Crypto Advocates Push Trump to Step Into Roman Storm Retrial

Advocates say Roman Storm conviction makes ‘writing code’ a crime in America

Crypto Advocates Push Trump to Step Into Roman Storm Retrial

Crypto advocacy groups are calling on United States President Donald Trump to intervene in the legal battle against Tornado Cash co-founder Roman Storm, turning the case into a major test of how the country treats open-source crypto developers.
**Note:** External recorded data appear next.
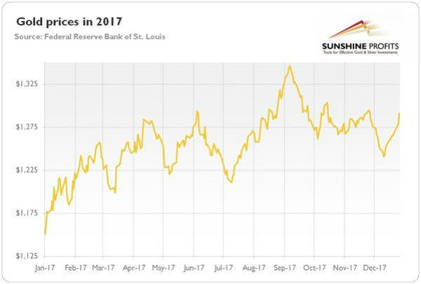 Nhìn lại năm 2017, diễn biến kinh tế, căng thẳng về chính trị và điều hành của tân thổng thống Mỹ đã tạo cho giá vàng tiếp tục một năm toả sáng. Năm 2017 chứng kiến sự ổn định của giá vàng sau ba năm liên tiếp giảm cho đến 2016. Giá vàng đã tăng 12,5% vào năm 2017, mặc dù các nhà đầu tư đã phần nào đổ tiền vào các tài sản khác nhằm ngăn ngừa rủi ro.
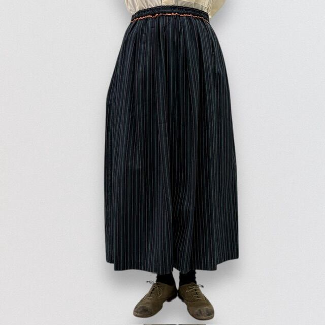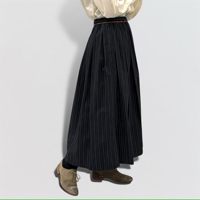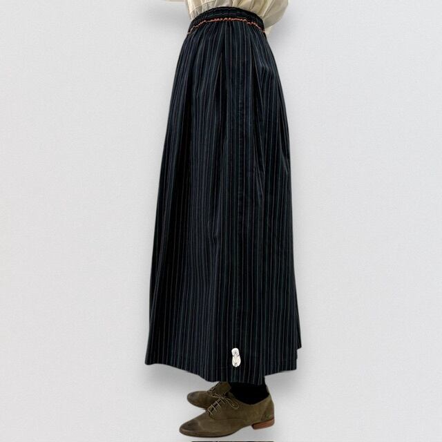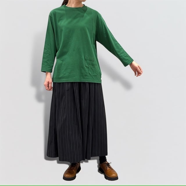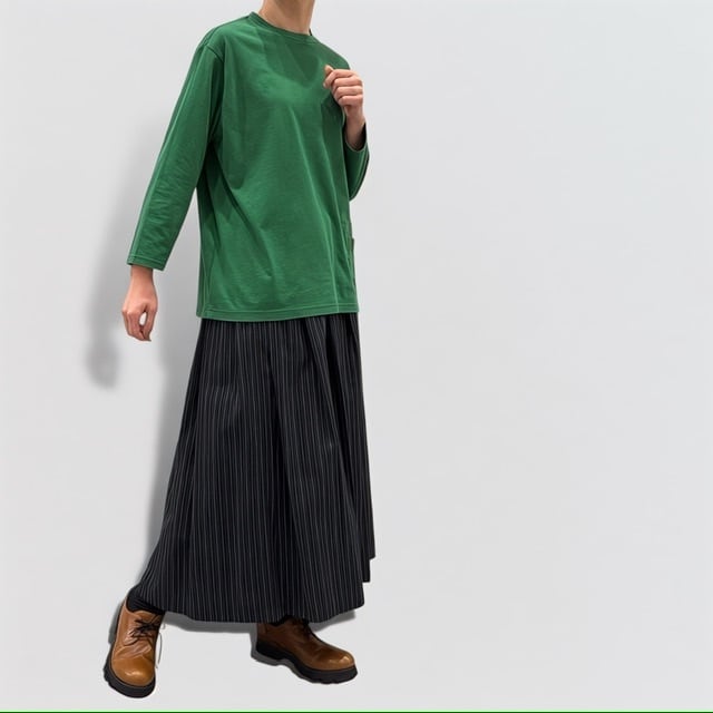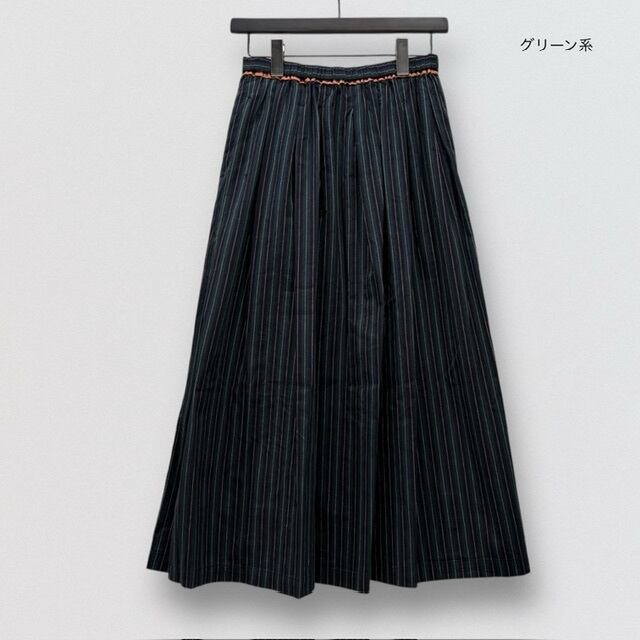 生地のハリで腰回りにふくらみが出ないデザインのタックスカート。
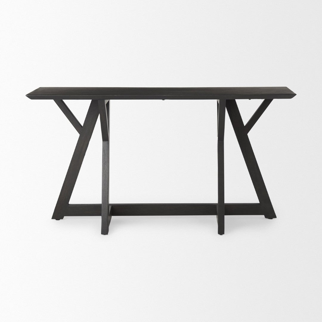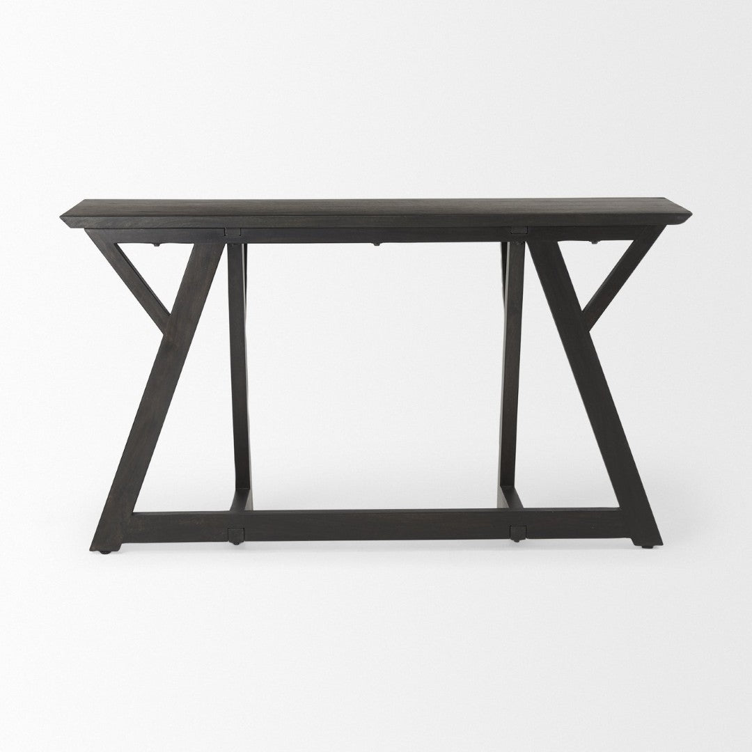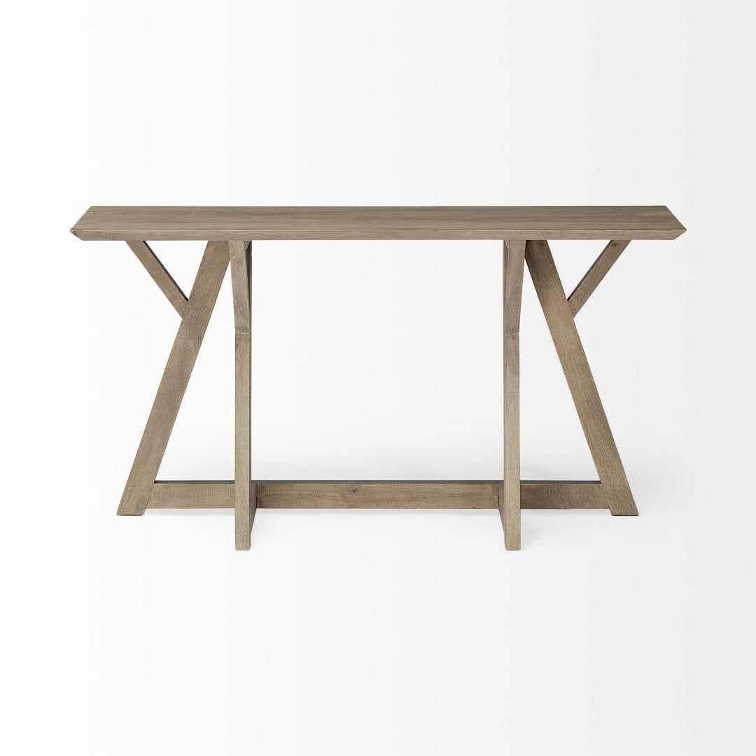 Elevate your entryway or living room with the Jennings I console table — a refined blend of mid-century and relaxed modern styling that pairs clean lines with warm, natural wood tones. Crafted from premium Indian Mango wood, this rectangular console makes a lasting impression with its beveled top, geometric base, and durable construction designed for everyday use.
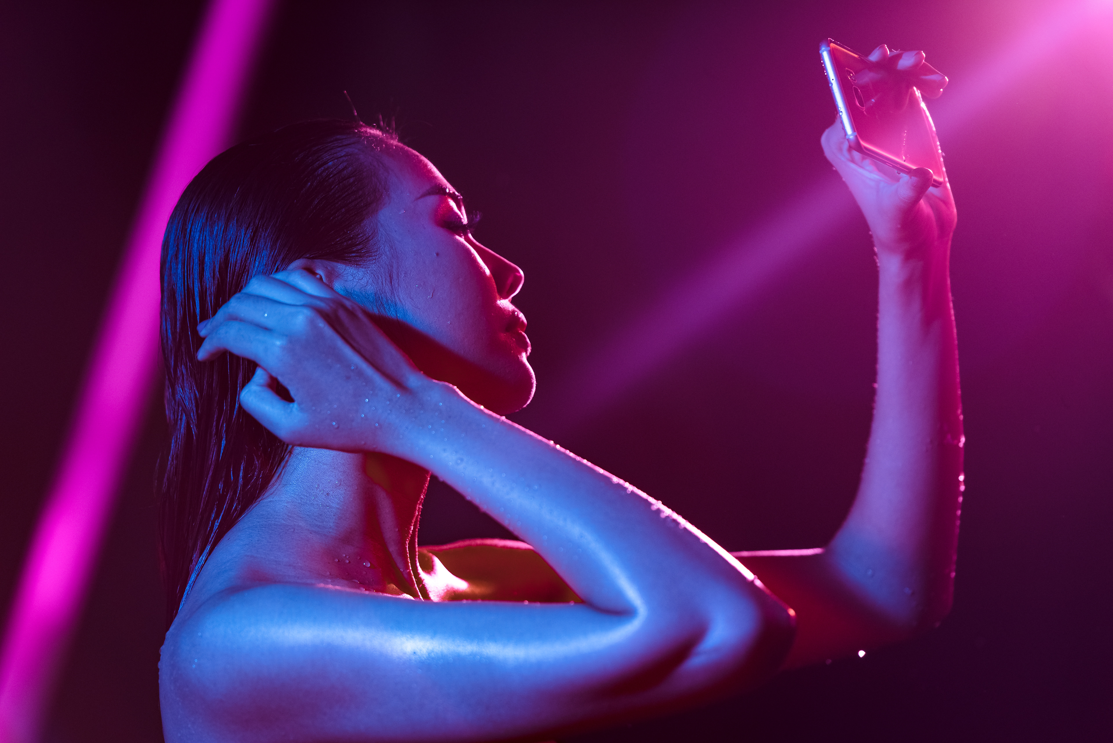 The stills of supermodel Thanh Hang were taken while filming a promotional video for the Samsung Galaxy S7 Edge Pink phone. This TVC was awarded Winner of Golden Bell Award, Vietnam. Commercial of the year 2016.
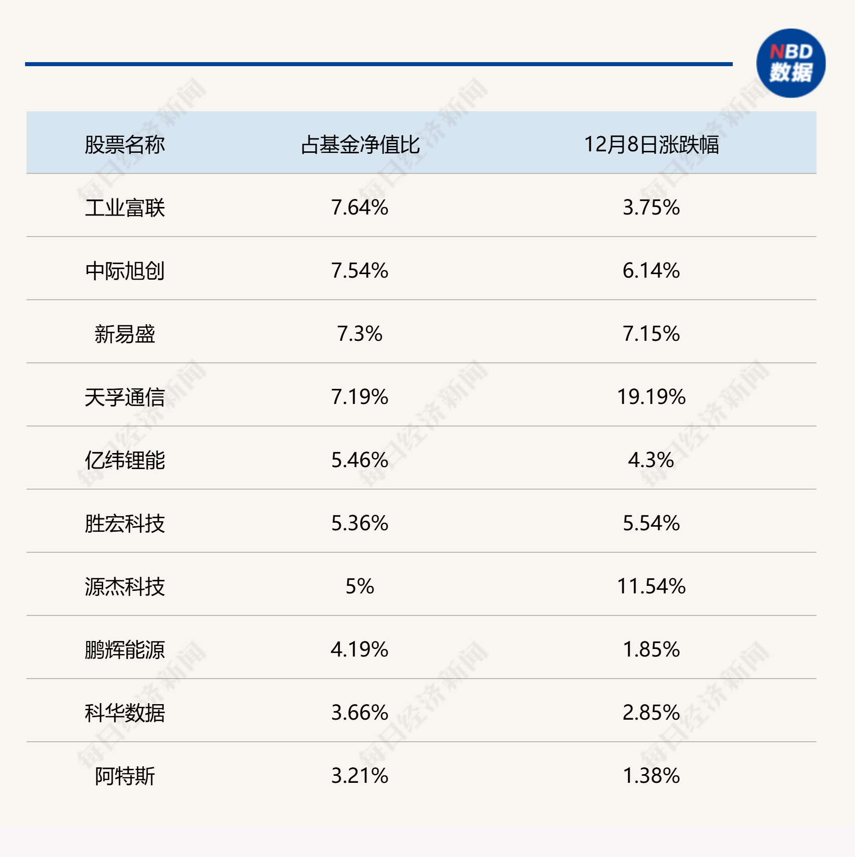 与红土创新科技创新相似,第三大重仓股天孚通信涨停,同时源杰科技上涨11.54%,另外新易盛、中际旭创、仕佳光子、胜宏科技、东山精密、长飞光纤等多只个股单日涨幅超过5%,并且这些个股今日还在继续上涨。
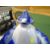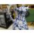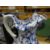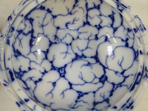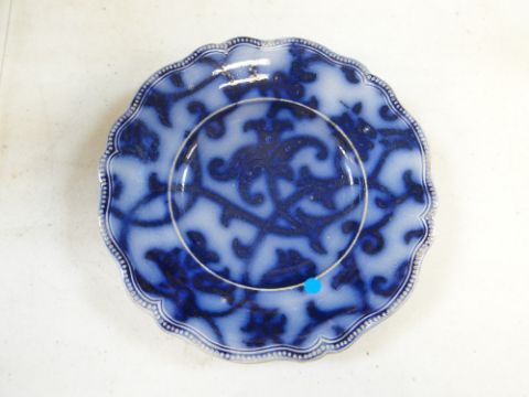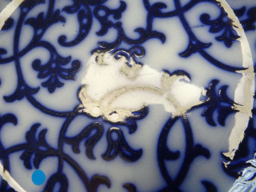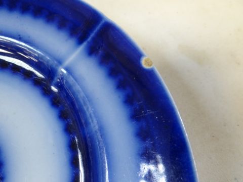 The large blue plate has a chip around the rim and lots of surface scratches.
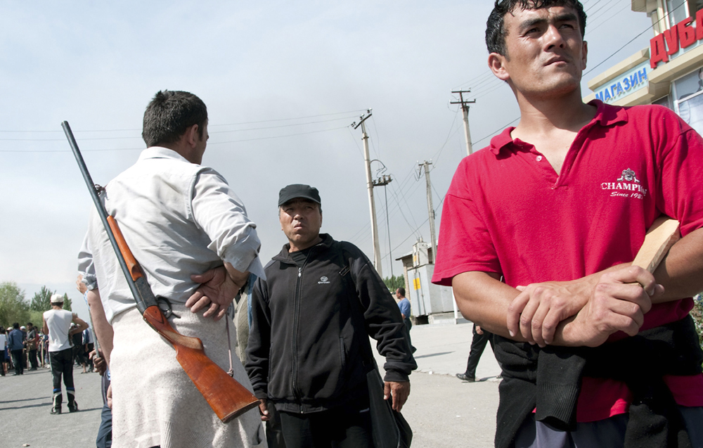 圖:烏茲別克人十二日在奧什手持武器保衛家園\美聯社
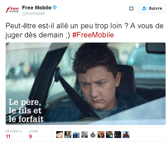 C’est un drôle de tweet que viennent de poster les comptes Twitter de Free et Free Mobile. Il s’agit d’une devinette : « Peut-être est-il allé un peu trop loin ? ». Celle-ci est accompagnée d’une photo, avec pour légende, "le père, le fils et le forfait". Il est également précisé que cela concernera Free Mobile.
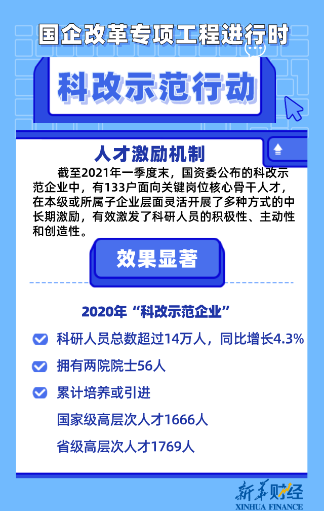 公開數據顯示,截至2021年一季度末,國資委公布的科改示范企業中,有133戶面向關鍵崗位核心骨干人才,在本級或所屬子企業層面靈活開展了多種方式的中長期激勵,有效激發了科研人員的積極性、主動性和創造性。
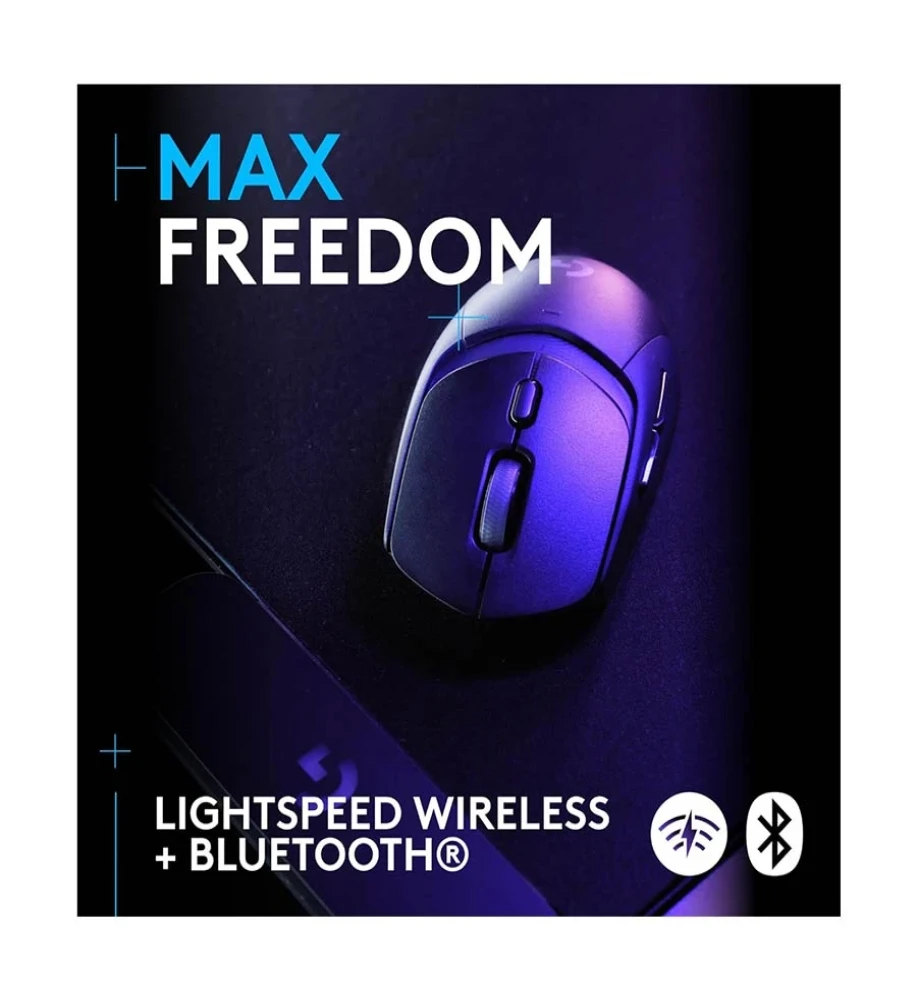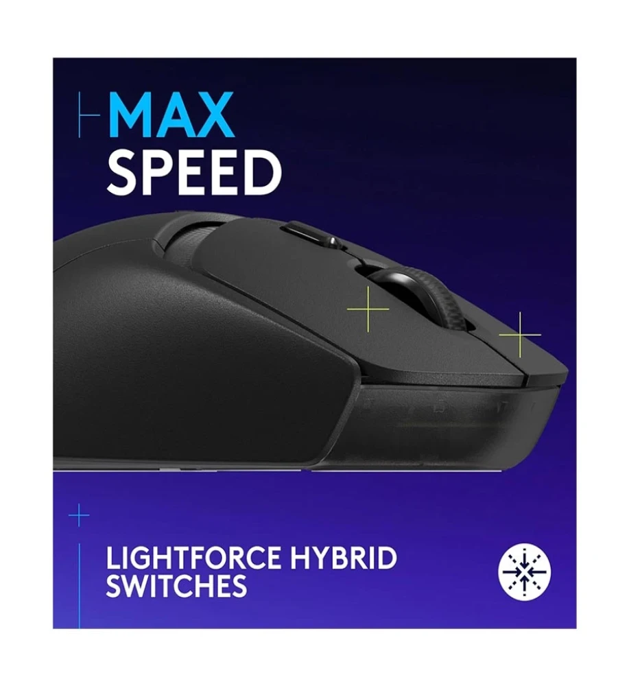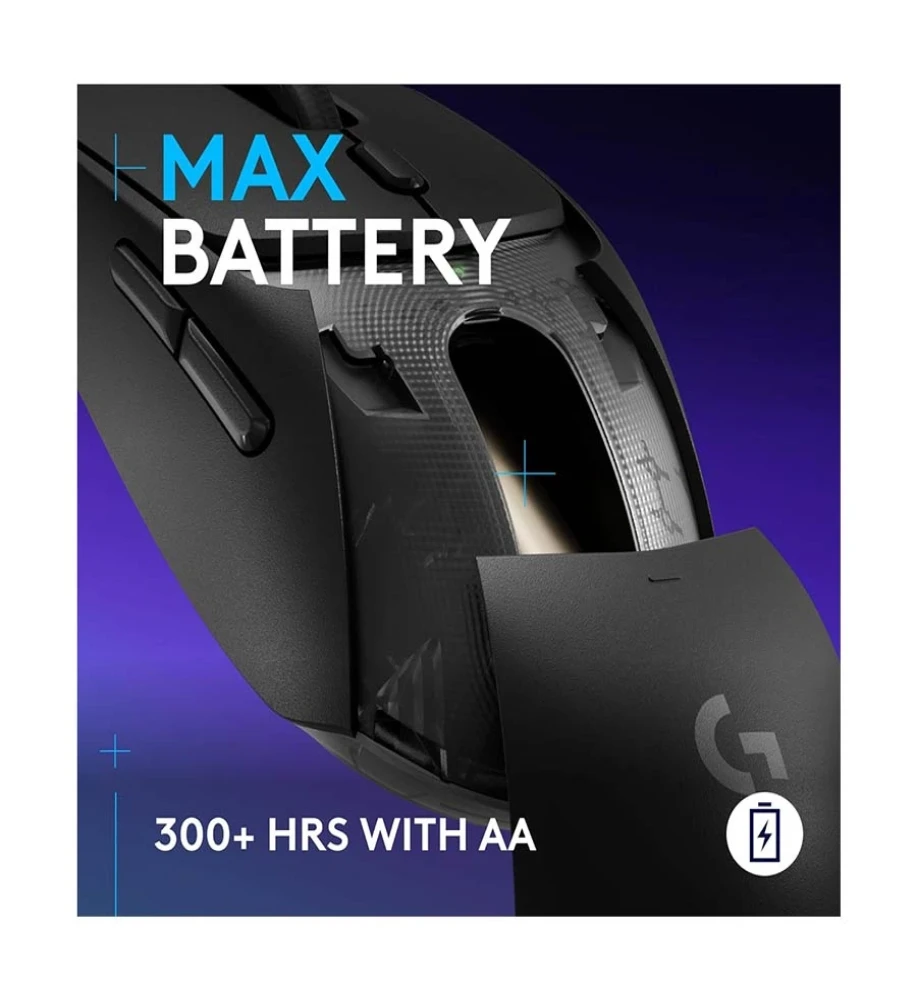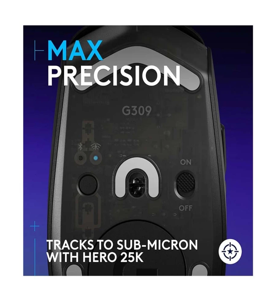LIGHTFORCE SWITCHES hybrid optical-mechanical switches, LIGHTSPEED wireless technology, Up to 5 onboard memory profiles, PTFE Feet, Battery life - Battery life may vary based on user and computing conditions, Constant motion 300+ hrs with LIGHTSPEED Wireless, 600+ with Bluetooth, Bluetooth-enabled device: Windows 10 or later, macOS 13 or later, ChromeOS, Android 4.3 or later, iOS 10 or later, In the box: G309 LIGHTSPEED Gaming Mouse, LIGHTSPEED USB Receiver, USB Cable Extender, Grip Stickers, AA Battery, User Documentation

In a letter dated Thursday, more than 65 cryptocurrency firms and policy organizations, including the Solana Policy Institute, Blockchain Association, and DeFi Education Fund, urged Trump to take a stronger stance on digital asset policy and the Storm prosecution. The groups want the White House to push the IRS and US Treasury to clarify crypto tax rules, shield decentralized finance from what they see as regulatory overreach, and press agencies such as the Securities and Exchange Commission and Commodity Futures Trading Commission to provide clear, consistent guidance for the industry.

The most explosive request is that Trump encourage the Department of Justice to drop all remaining charges against Storm and support efforts to overturn his recent conviction for operating an unlicensed money-transmitting business. Supporters argue that Storm’s work on Tornado Cash was the creation and publication of open-source code, which they say should be protected speech under the First Amendment rather than treated as a financial crime.

Storm, indicted in August 2023, has pleaded not guilty and repeatedly insisted that “writing code is not a crime.” A Justice Department official recently said at a crypto policy event that simply writing code without bad intent is not illegal, yet federal prosecutors in New York are still opposing Storm’s motion for acquittal, with a court conference set for Jan. 22.

While US presidents can shape Justice Department priorities, long-standing norms discourage direct interference in individual prosecutions, putting Trump in a politically sensitive spot if he decides to get involved.